INFORMATION GIVEN:
BEGIN
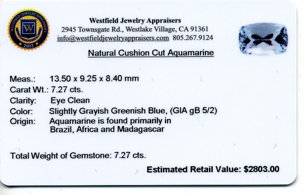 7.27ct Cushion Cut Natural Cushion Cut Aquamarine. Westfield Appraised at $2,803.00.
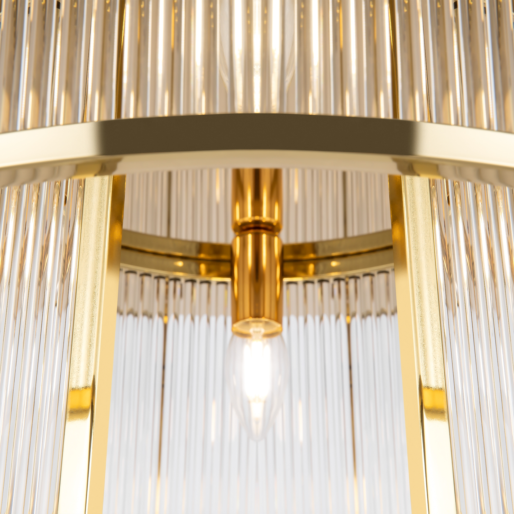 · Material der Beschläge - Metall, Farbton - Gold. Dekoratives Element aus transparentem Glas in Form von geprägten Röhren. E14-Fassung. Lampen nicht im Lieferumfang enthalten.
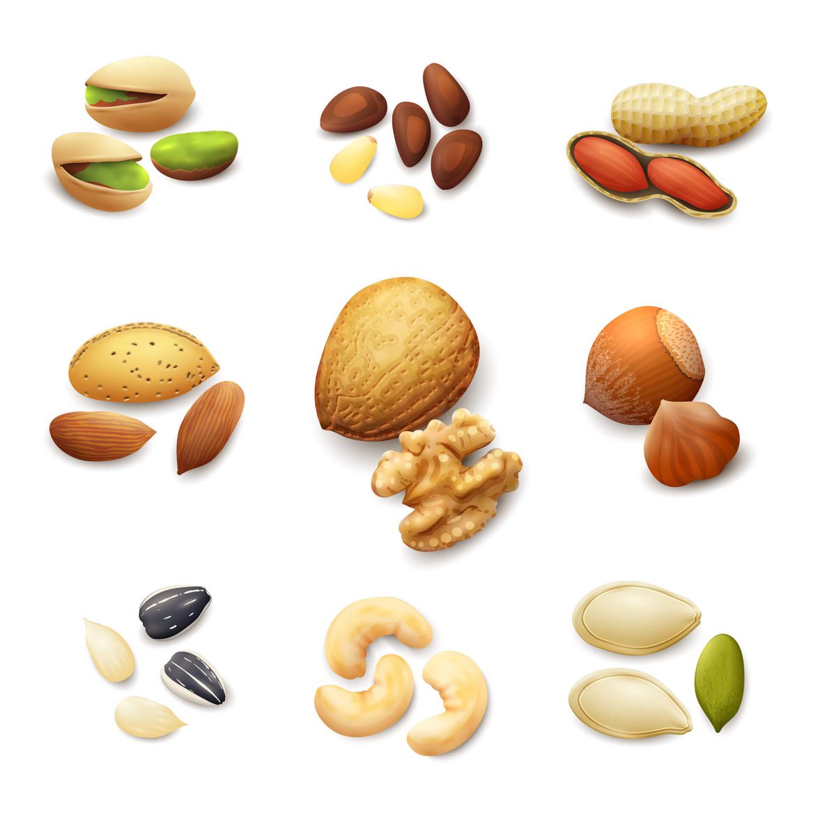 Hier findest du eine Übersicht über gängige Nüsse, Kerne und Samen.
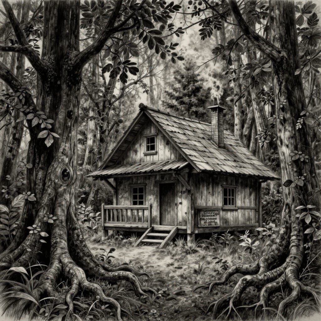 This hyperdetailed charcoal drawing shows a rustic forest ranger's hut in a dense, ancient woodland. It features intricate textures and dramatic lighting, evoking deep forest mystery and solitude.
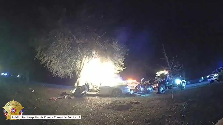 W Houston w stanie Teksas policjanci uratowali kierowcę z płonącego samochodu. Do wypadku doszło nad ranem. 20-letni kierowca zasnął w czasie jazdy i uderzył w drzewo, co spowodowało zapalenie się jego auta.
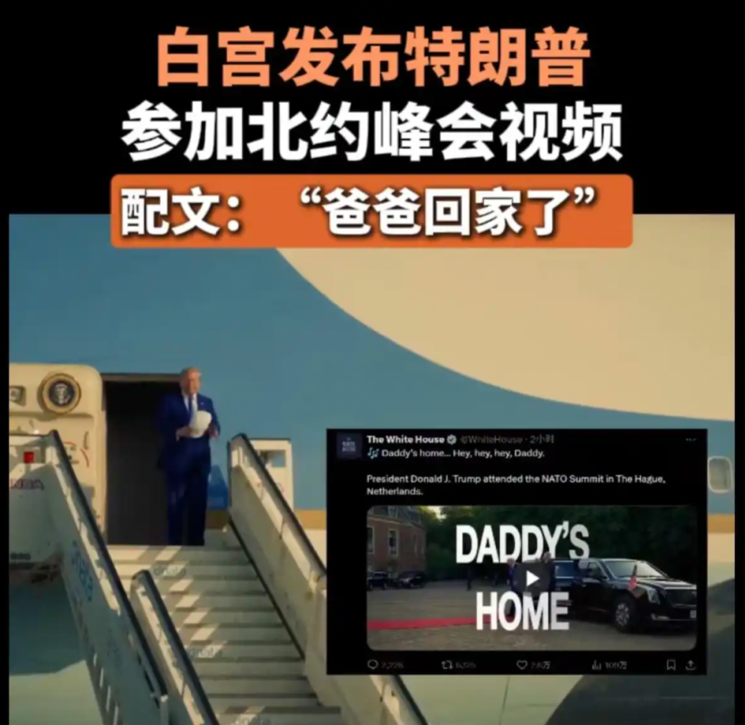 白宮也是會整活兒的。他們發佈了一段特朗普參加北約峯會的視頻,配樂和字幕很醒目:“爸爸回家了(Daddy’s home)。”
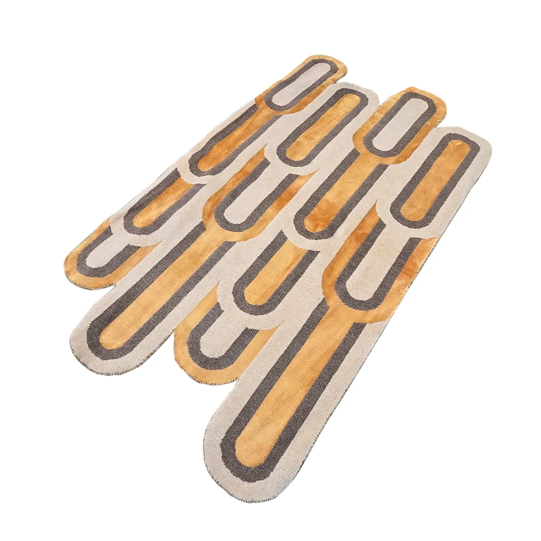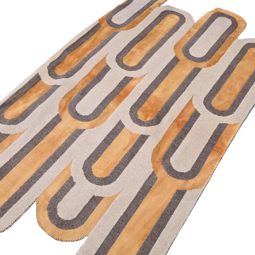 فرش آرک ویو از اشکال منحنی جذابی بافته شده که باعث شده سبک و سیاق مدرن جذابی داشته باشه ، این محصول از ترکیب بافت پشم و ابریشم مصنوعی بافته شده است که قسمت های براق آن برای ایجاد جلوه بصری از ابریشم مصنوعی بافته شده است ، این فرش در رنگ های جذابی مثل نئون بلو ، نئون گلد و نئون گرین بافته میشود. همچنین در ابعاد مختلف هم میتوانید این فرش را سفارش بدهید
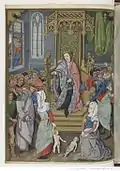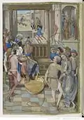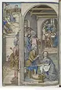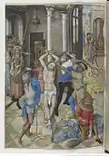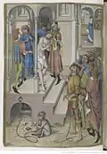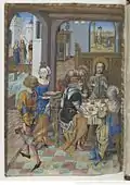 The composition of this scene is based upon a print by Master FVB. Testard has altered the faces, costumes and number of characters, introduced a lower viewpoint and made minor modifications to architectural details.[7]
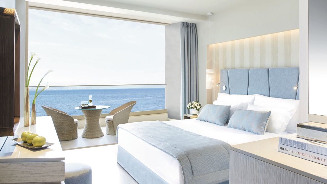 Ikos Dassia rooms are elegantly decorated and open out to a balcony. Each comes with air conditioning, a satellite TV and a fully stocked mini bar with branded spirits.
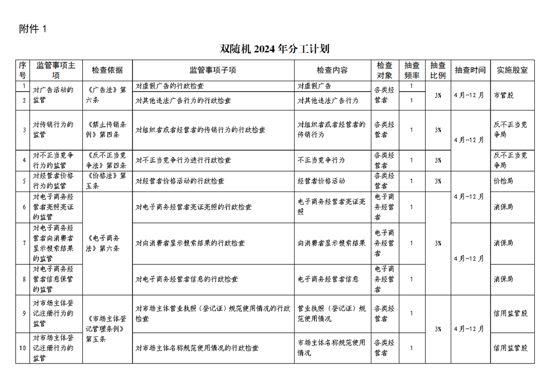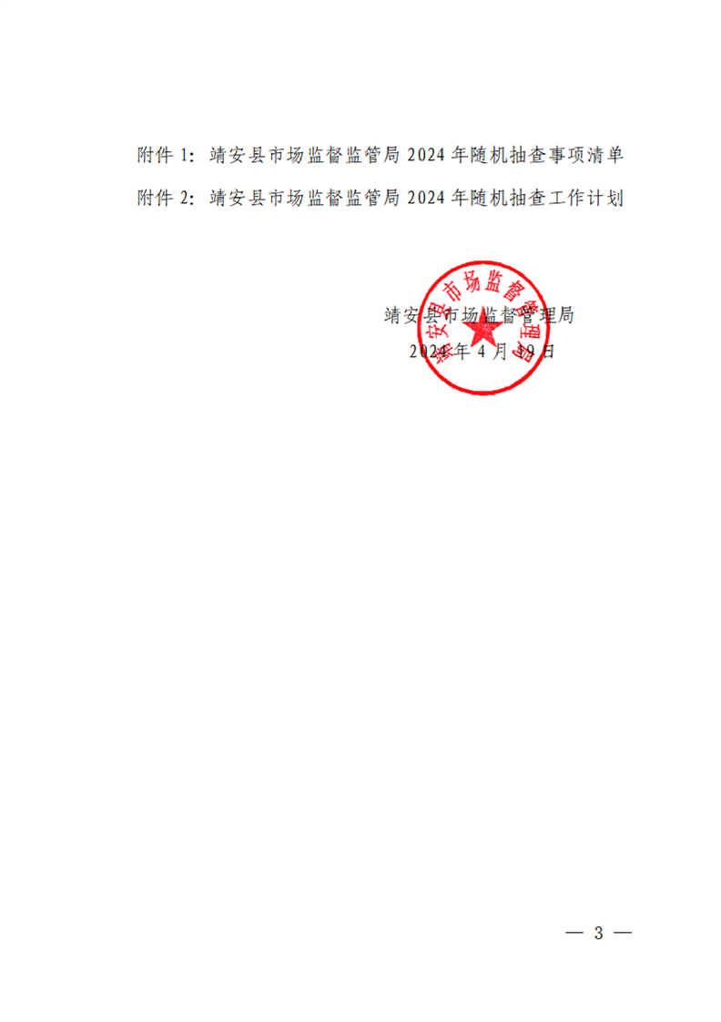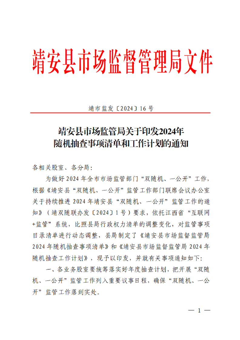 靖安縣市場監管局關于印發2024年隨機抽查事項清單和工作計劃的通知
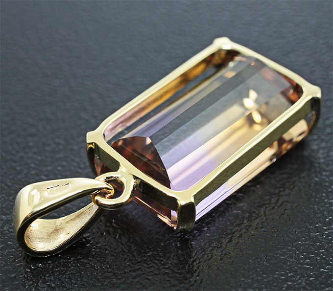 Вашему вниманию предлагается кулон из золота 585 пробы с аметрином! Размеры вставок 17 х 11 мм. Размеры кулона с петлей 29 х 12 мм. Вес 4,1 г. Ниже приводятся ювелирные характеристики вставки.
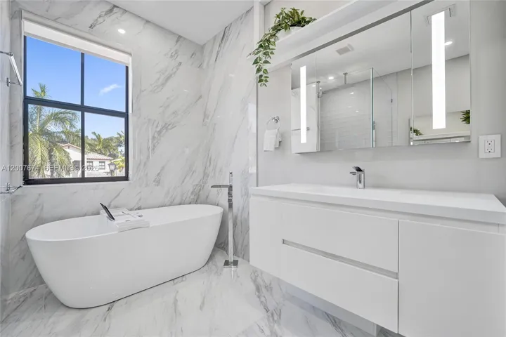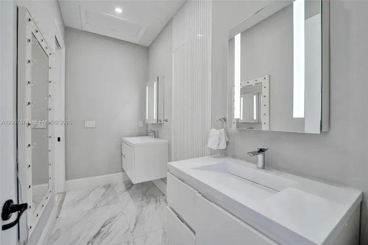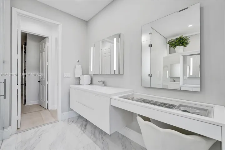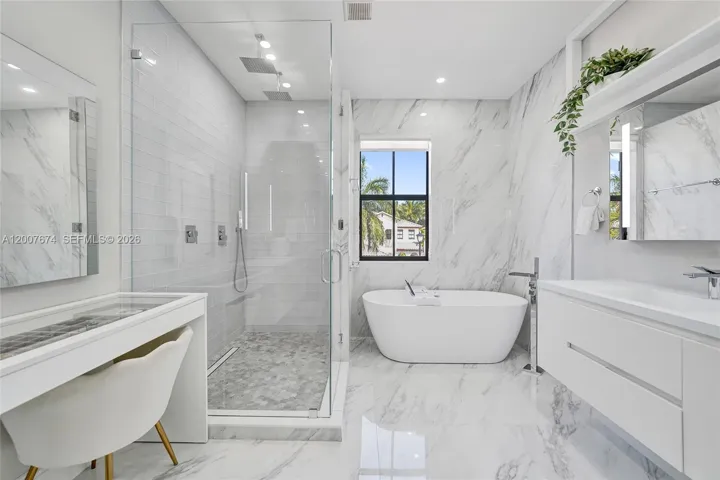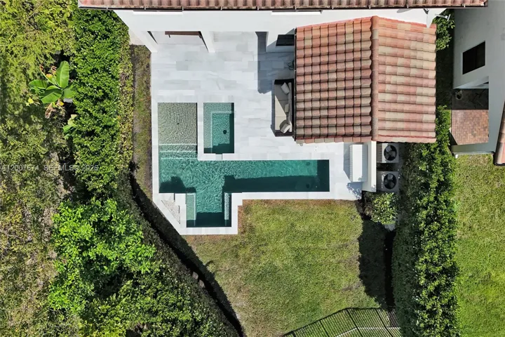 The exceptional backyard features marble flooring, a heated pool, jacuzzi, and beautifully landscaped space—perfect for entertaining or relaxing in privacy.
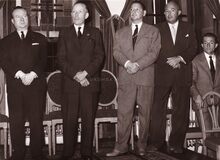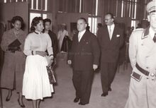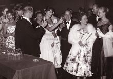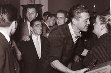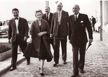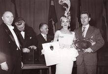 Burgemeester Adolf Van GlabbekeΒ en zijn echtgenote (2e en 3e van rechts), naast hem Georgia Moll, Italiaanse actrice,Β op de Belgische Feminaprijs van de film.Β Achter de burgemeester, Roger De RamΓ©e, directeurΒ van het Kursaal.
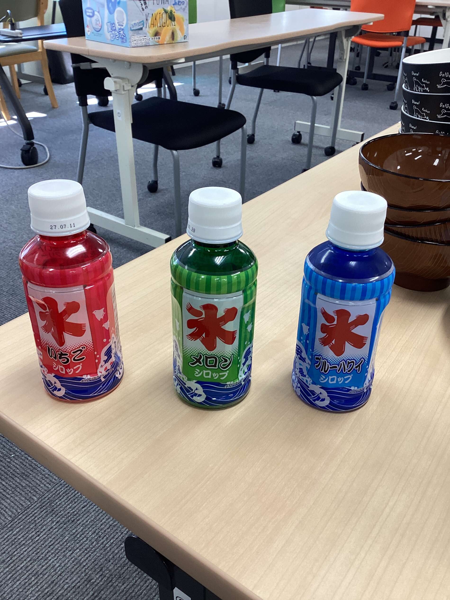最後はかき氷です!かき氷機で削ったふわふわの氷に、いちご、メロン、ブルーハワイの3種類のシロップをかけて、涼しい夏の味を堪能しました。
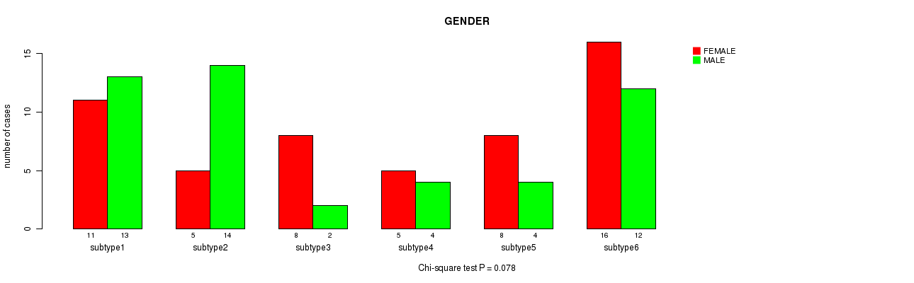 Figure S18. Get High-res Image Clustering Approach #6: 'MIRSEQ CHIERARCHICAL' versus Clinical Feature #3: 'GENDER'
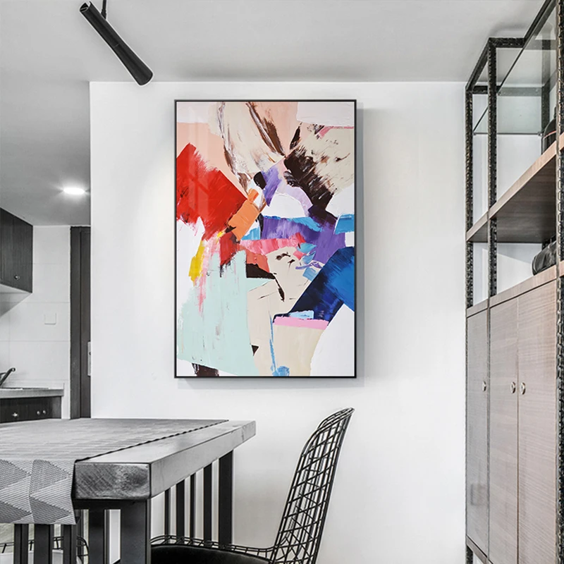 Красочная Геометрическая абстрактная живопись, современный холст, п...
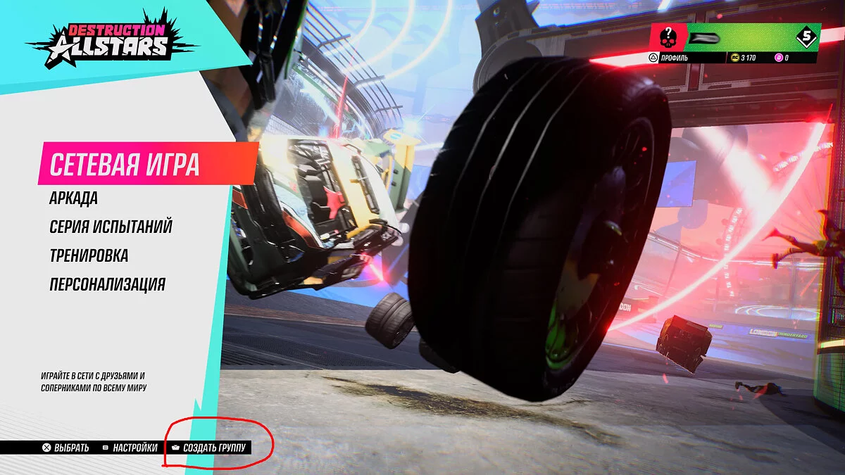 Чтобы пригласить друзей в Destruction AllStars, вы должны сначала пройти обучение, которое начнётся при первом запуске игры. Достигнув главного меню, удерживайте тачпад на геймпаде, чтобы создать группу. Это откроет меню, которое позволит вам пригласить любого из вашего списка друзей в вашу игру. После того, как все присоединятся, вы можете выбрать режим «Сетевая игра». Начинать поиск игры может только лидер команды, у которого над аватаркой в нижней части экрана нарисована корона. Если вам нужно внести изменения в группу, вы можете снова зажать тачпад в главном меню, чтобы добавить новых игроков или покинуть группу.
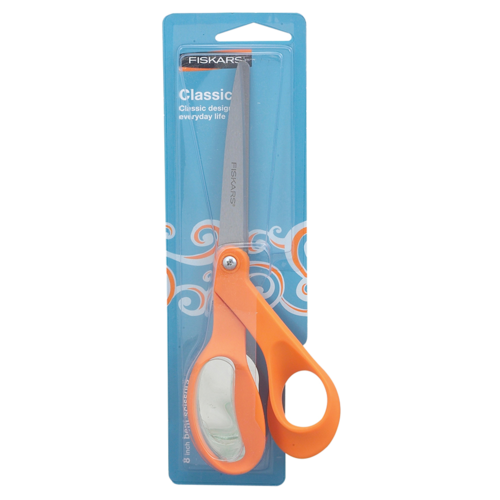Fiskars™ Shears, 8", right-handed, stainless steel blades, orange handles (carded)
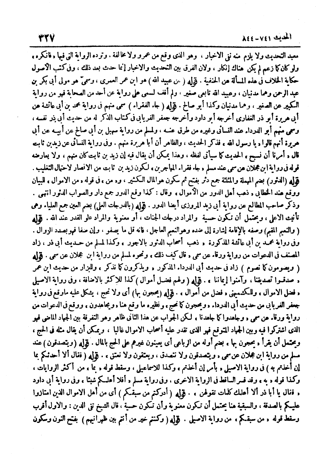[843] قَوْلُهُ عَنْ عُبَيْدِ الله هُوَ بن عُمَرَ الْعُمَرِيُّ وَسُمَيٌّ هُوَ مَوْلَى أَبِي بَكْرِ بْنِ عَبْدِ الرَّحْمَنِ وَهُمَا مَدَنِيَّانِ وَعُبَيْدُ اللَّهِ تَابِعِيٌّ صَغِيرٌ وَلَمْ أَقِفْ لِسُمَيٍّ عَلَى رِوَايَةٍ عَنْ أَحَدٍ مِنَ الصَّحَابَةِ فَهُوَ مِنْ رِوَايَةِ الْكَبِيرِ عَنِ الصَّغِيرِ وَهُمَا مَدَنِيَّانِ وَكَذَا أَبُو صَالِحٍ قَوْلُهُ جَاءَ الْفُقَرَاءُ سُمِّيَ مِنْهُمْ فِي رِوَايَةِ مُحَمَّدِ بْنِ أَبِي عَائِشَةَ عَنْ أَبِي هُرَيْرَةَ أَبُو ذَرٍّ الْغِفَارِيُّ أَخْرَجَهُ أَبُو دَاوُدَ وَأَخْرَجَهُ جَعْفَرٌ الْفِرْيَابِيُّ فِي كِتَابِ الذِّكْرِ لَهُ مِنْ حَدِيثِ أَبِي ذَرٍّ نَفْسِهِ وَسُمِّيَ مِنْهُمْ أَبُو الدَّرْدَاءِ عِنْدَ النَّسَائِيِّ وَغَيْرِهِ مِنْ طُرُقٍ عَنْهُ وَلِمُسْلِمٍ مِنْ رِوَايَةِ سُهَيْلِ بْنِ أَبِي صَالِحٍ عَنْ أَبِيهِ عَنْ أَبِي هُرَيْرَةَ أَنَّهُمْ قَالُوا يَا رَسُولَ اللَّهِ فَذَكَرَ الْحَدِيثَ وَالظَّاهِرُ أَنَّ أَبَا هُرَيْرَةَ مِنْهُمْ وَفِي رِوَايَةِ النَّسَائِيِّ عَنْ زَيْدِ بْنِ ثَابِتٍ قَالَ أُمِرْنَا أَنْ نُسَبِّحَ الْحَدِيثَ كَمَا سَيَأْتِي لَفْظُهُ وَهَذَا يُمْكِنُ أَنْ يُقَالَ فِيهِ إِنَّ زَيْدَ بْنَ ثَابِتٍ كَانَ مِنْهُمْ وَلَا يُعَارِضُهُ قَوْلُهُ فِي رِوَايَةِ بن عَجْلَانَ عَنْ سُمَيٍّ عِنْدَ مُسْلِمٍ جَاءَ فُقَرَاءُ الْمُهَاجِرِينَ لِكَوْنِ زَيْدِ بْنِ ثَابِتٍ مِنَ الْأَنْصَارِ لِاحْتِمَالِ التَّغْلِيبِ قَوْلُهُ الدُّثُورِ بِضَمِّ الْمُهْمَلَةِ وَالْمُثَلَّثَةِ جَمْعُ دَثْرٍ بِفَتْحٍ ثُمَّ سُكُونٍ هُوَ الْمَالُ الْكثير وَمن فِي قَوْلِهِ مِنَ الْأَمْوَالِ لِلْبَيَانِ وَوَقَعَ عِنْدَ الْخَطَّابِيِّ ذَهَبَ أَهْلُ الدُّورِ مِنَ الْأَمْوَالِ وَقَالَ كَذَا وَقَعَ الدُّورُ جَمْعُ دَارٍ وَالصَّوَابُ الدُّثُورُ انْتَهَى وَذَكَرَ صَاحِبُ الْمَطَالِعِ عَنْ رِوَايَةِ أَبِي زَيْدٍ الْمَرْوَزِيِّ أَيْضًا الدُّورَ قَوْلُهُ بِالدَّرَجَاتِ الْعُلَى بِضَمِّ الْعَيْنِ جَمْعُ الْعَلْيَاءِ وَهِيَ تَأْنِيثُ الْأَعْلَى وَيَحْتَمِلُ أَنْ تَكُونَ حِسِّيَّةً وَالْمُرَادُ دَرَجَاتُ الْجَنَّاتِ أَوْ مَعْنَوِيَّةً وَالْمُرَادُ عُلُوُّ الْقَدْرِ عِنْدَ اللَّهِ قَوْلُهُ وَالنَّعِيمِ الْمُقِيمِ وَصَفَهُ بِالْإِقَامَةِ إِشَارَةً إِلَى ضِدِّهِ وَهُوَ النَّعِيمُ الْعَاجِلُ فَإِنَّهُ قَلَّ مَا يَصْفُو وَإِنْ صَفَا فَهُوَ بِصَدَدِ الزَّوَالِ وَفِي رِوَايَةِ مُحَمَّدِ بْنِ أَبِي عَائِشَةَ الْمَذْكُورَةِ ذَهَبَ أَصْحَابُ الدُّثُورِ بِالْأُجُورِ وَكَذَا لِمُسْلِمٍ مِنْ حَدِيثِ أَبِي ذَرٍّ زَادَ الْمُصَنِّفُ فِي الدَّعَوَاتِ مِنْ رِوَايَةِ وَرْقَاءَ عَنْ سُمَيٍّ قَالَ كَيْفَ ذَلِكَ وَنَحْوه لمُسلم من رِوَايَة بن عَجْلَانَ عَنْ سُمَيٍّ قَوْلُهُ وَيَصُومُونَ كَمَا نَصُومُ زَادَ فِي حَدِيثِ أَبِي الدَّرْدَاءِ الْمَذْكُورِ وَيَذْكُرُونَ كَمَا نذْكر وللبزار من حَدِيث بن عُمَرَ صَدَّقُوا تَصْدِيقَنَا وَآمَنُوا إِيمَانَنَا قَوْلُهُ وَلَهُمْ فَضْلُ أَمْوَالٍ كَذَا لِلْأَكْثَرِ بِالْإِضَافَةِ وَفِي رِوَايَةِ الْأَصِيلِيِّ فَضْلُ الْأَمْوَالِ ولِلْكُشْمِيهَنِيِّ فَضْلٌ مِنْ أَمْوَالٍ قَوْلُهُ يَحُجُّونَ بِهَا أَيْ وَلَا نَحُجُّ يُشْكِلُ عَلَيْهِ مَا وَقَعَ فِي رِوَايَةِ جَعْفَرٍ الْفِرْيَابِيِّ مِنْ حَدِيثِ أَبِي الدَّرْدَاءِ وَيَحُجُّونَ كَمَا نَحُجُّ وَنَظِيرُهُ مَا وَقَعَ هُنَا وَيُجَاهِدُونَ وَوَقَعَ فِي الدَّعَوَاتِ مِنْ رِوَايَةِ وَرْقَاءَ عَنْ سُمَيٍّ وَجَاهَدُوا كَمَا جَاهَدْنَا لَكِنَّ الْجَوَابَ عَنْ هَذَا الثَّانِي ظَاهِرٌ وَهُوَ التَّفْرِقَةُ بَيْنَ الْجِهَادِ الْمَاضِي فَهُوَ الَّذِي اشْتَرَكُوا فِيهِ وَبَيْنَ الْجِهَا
END
TRY IT: Among the entries above, take the lines from the one with "Burgemeester Adolf Van" through the one with "orange handles (carded)" and retype them exactly, leaving out the pictures.

EXERCISE SOLUTION:
 Burgemeester Adolf Van GlabbekeΒ en zijn echtgenote (2e en 3e van rechts), naast hem Georgia Moll, Italiaanse actrice,Β op de Belgische Feminaprijs van de film.Β Achter de burgemeester, Roger De RamΓ©e, directeurΒ van het Kursaal.
最後はかき氷です!かき氷機で削ったふわふわの氷に、いちご、メロン、ブルーハワイの3種類のシロップをかけて、涼しい夏の味を堪能しました。
 Figure S18. Get High-res Image Clustering Approach #6: 'MIRSEQ CHIERARCHICAL' versus Clinical Feature #3: 'GENDER'
 Красочная Геометрическая абстрактная живопись, современный холст, п...
 Чтобы пригласить друзей в Destruction AllStars, вы должны сначала пройти обучение, которое начнётся при первом запуске игры. Достигнув главного меню, удерживайте тачпад на геймпаде, чтобы создать группу. Это откроет меню, которое позволит вам пригласить любого из вашего списка друзей в вашу игру. После того, как все присоединятся, вы можете выбрать режим «Сетевая игра». Начинать поиск игры может только лидер команды, у которого над аватаркой в нижней части экрана нарисована корона. Если вам нужно внести изменения в группу, вы можете снова зажать тачпад в главном меню, чтобы добавить новых игроков или покинуть группу.
Fiskars™ Shears, 8", right-handed, stainless steel blades, orange handles (carded)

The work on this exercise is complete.